## Task details
The expected output is the data below, character for character, without its pictures.
── Data segment ──
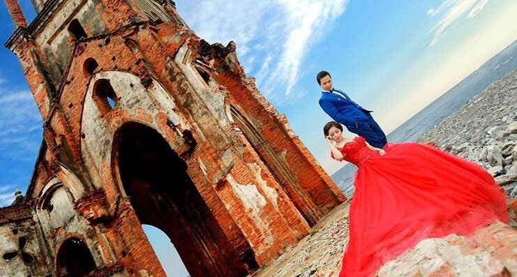 Nhiều đôi bạn trẻ chụp ảnh cưới tại nhà thờ đổ (ảnh sưu tầm)
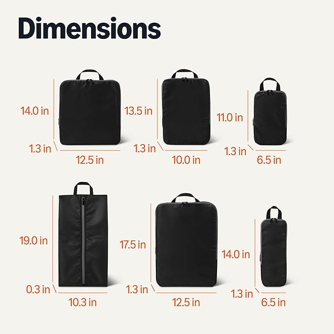- Packing organizer cube (6-pack) in Black for storing items; ideal for travel or home
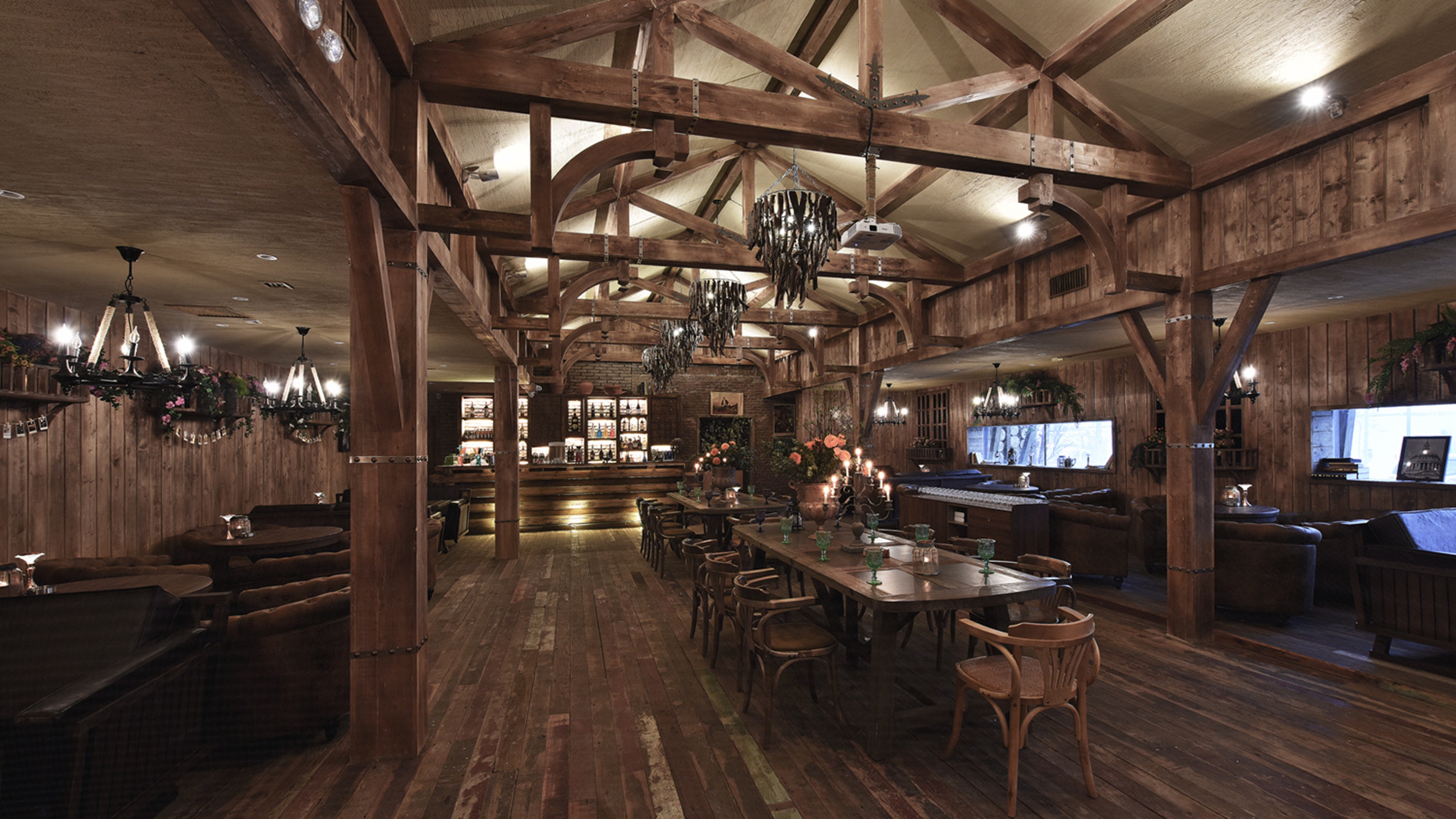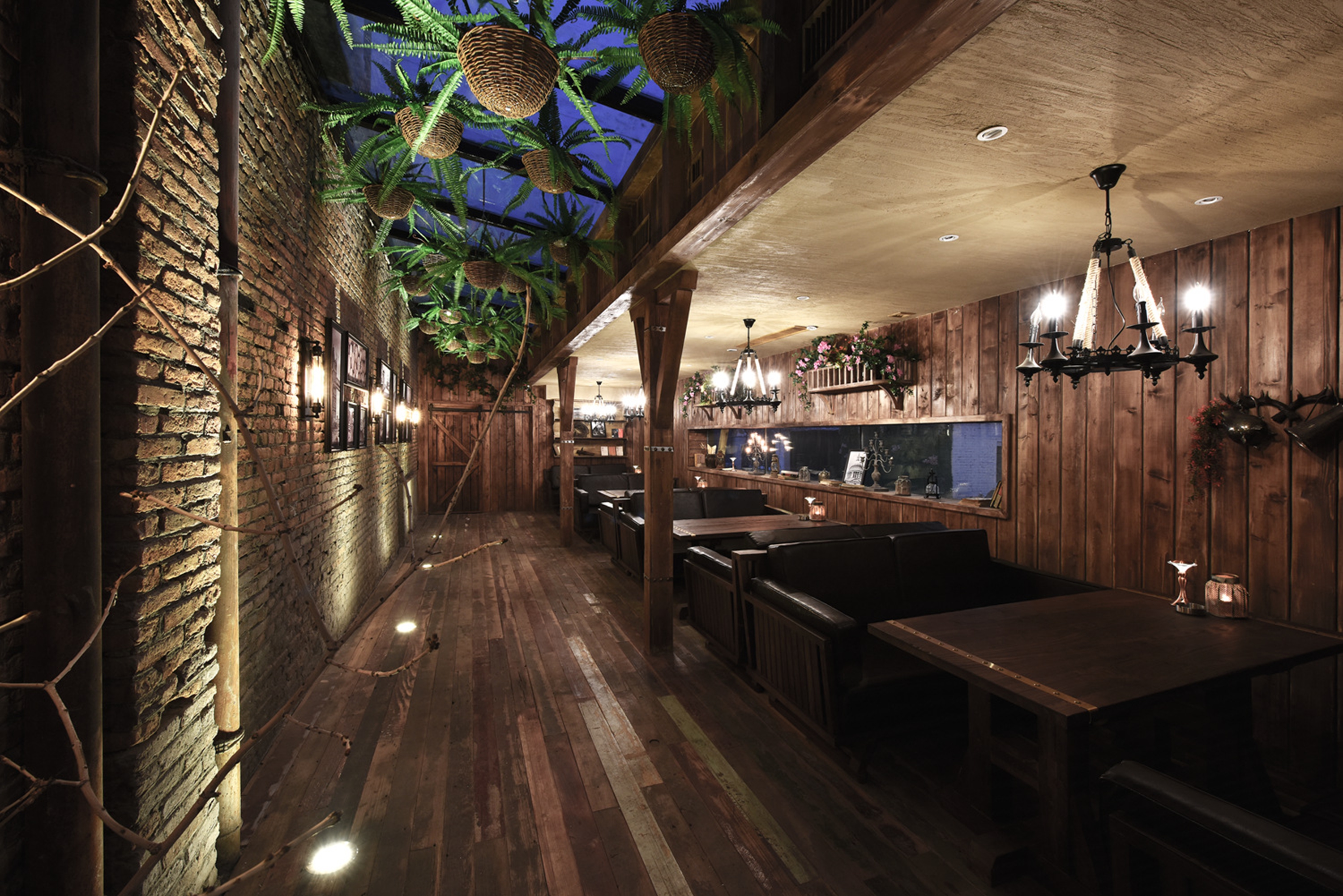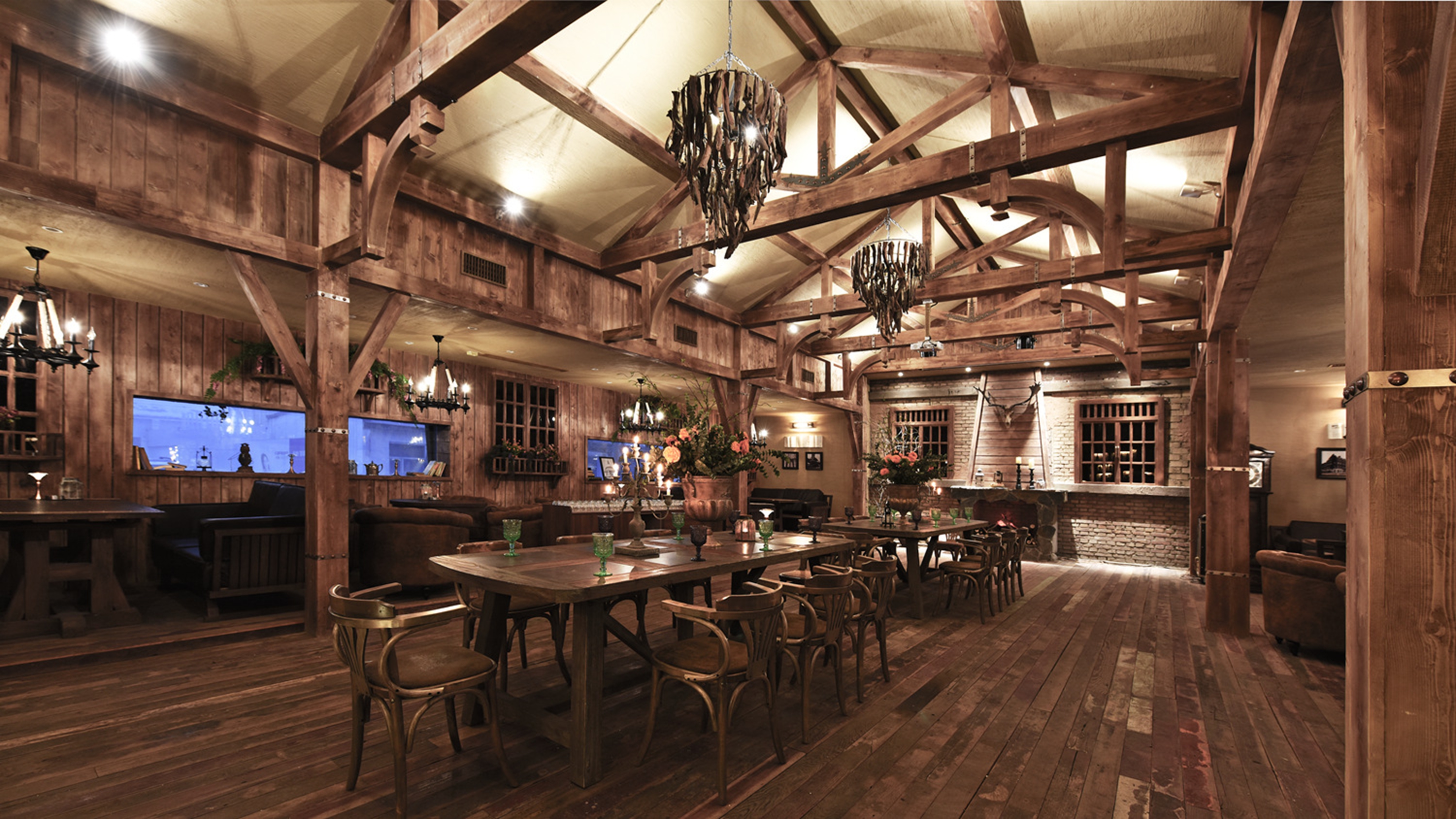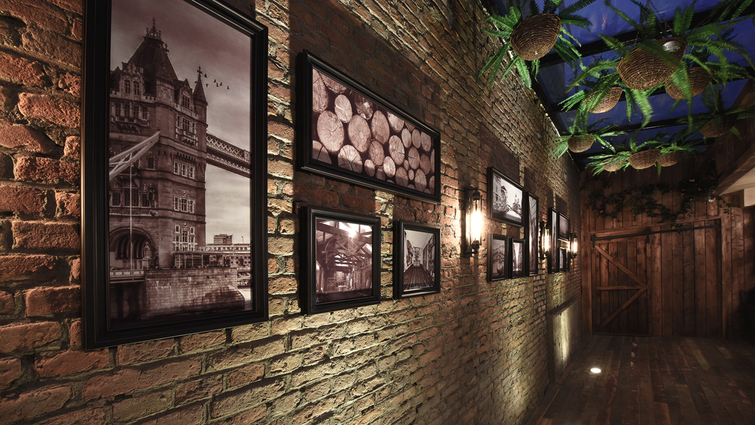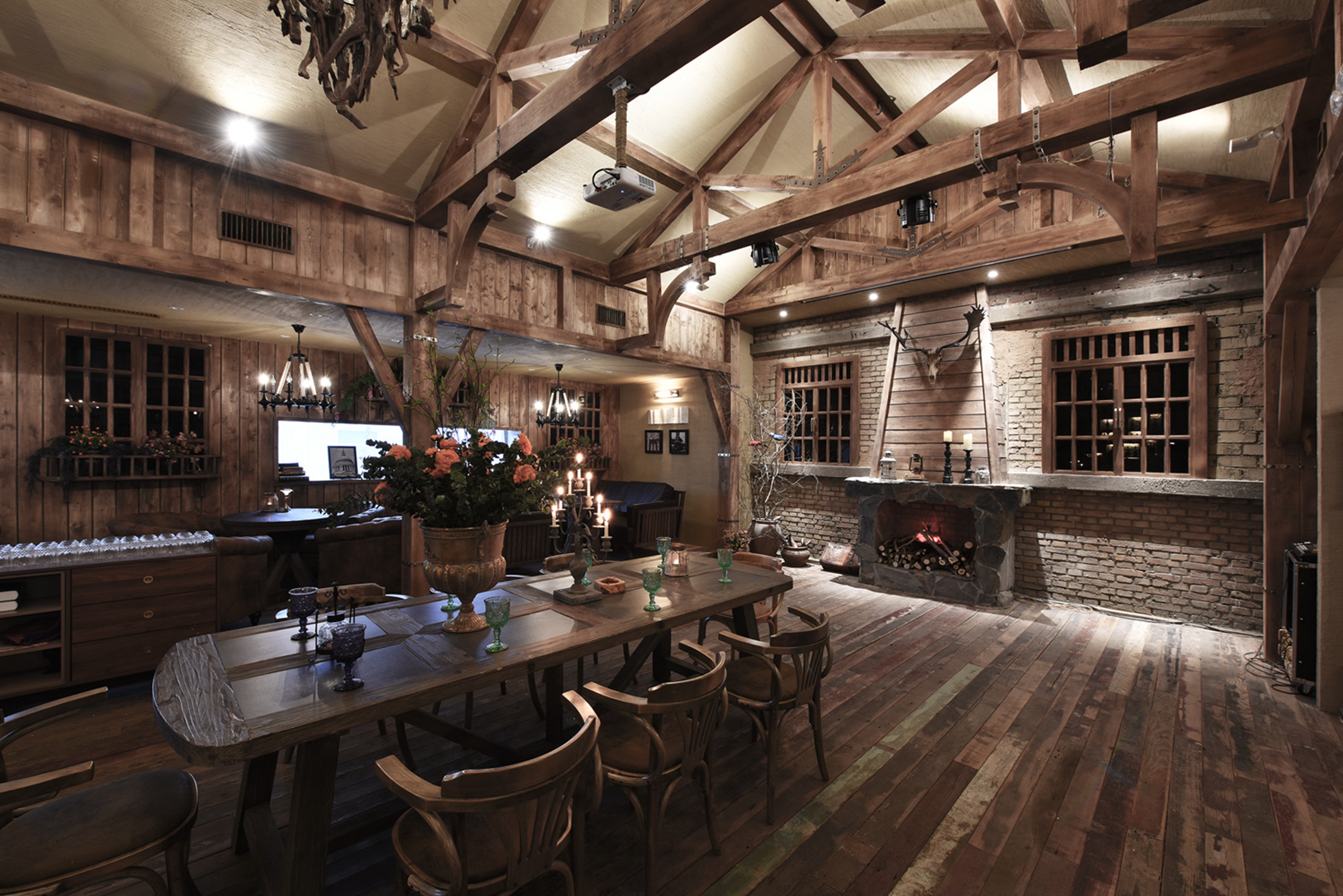 墙面采用老木板与红砖相结合,大厅顶部采用木结构,整个空间的氛围更加温馨、舒适。大厅定制主灯,让整个空间更加有年代感。
───
## Solution
 Nhiều đôi bạn trẻ chụp ảnh cưới tại nhà thờ đổ (ảnh sưu tầm)
- Packing organizer cube (6-pack) in Black for storing items; ideal for travel or home
 墙面采用老木板与红砖相结合,大厅顶部采用木结构,整个空间的氛围更加温馨、舒适。大厅定制主灯,让整个空间更加有年代感。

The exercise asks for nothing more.